WORK ITEM: Starting at the line below with "本社から徒歩3分の場所にある" and stopping at the line with "Reference size chart (※ ± error 2-3 cm)", please print each line exactly, those two included, and skip every picture.

**** RECORDED DATA ****

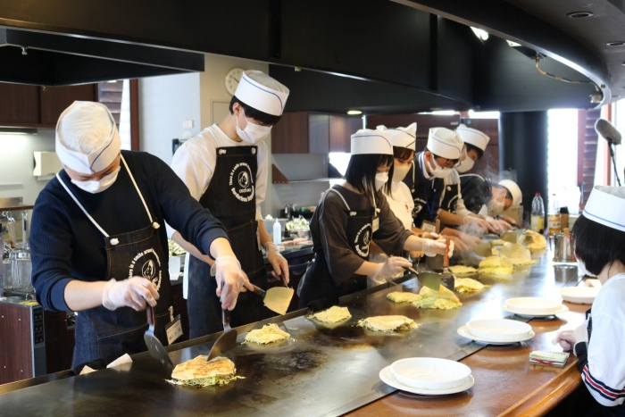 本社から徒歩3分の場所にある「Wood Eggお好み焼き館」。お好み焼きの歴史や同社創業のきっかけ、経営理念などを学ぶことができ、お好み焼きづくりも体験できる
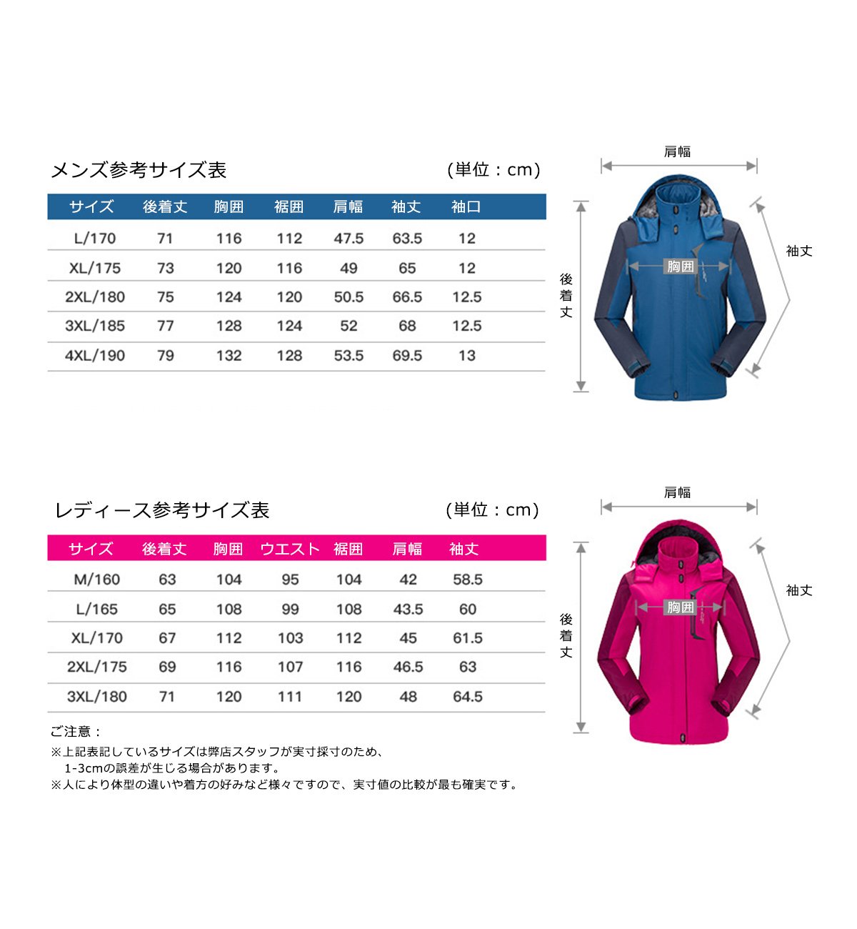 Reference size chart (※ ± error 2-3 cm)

****
**** RECORDED DATA ****

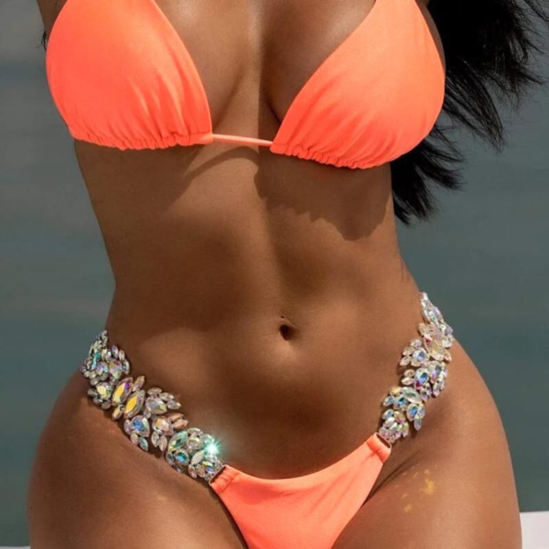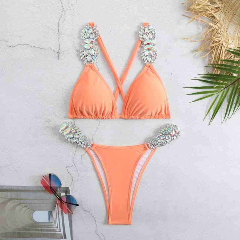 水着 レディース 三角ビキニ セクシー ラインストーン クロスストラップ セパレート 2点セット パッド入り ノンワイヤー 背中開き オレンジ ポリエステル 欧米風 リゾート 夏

****
**** RECORDED DATA ****

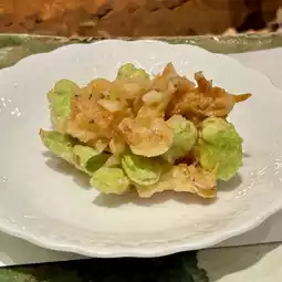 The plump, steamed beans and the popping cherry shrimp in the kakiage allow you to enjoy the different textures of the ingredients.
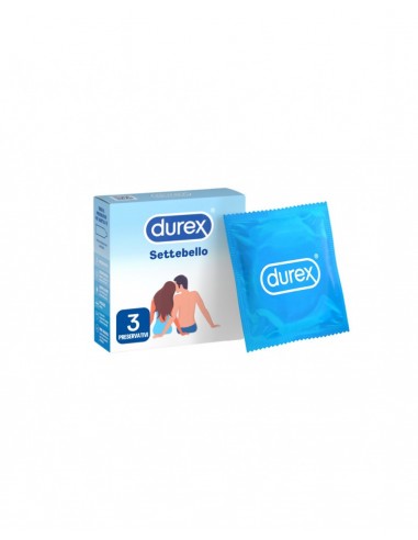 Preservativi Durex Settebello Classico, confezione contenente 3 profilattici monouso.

****

ANSWER SPACE:
 本社から徒歩3分の場所にある「Wood Eggお好み焼き館」。お好み焼きの歴史や同社創業のきっかけ、経営理念などを学ぶことができ、お好み焼きづくりも体験できる
 Reference size chart (※ ± error 2-3 cm)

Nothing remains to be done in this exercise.